> **Exercise data**

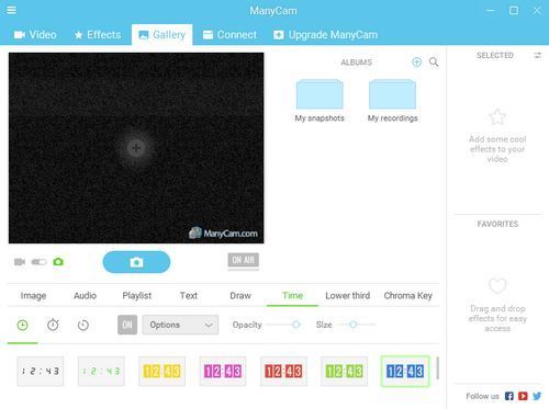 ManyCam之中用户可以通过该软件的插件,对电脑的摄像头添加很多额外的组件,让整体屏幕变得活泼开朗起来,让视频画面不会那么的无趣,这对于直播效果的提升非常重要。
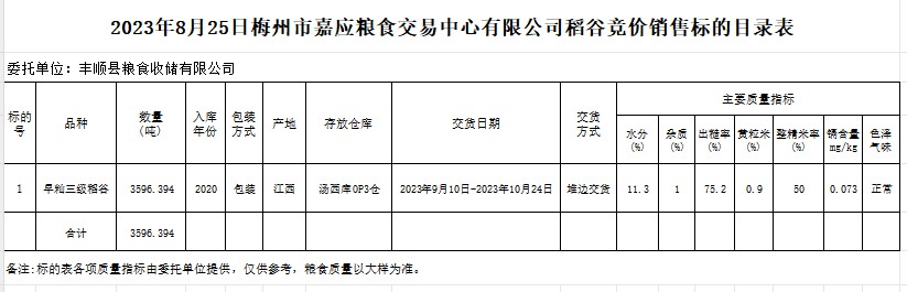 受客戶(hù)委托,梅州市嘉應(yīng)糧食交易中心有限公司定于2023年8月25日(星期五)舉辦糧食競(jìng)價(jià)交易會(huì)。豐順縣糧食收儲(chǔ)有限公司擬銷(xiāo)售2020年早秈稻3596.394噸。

---

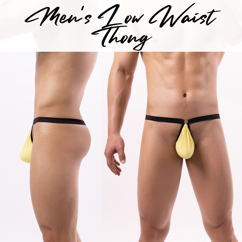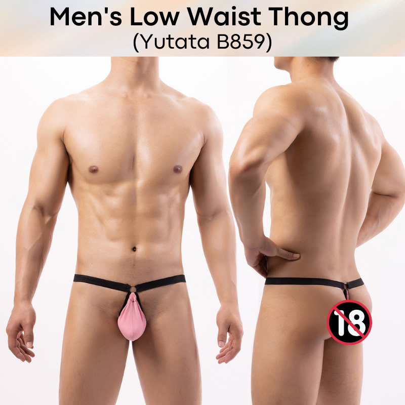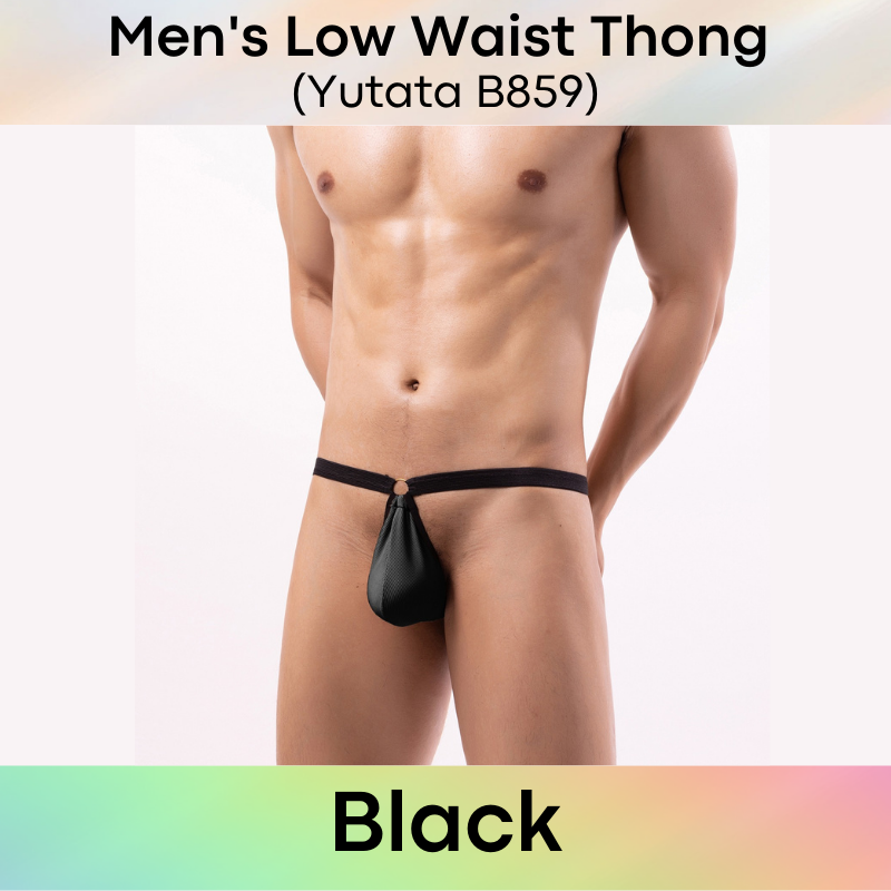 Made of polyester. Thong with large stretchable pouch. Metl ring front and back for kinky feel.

--

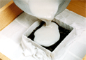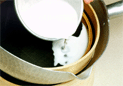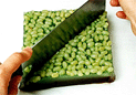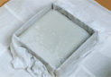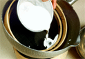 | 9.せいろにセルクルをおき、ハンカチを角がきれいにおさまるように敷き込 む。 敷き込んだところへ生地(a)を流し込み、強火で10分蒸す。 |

> **Problem to solve**
The answer must be the part of the records that opens with the line containing "ManyCam之中用户可以通" and closes with the line containing "受客戶(hù)委托,梅州市嘉", reproduced exactly, with no pictures.

> **Final answer**
 ManyCam之中用户可以通过该软件的插件,对电脑的摄像头添加很多额外的组件,让整体屏幕变得活泼开朗起来,让视频画面不会那么的无趣,这对于直播效果的提升非常重要。
 受客戶(hù)委托,梅州市嘉應(yīng)糧食交易中心有限公司定于2023年8月25日(星期五)舉辦糧食競(jìng)價(jià)交易會(huì)。豐順縣糧食收儲(chǔ)有限公司擬銷(xiāo)售2020年早秈稻3596.394噸。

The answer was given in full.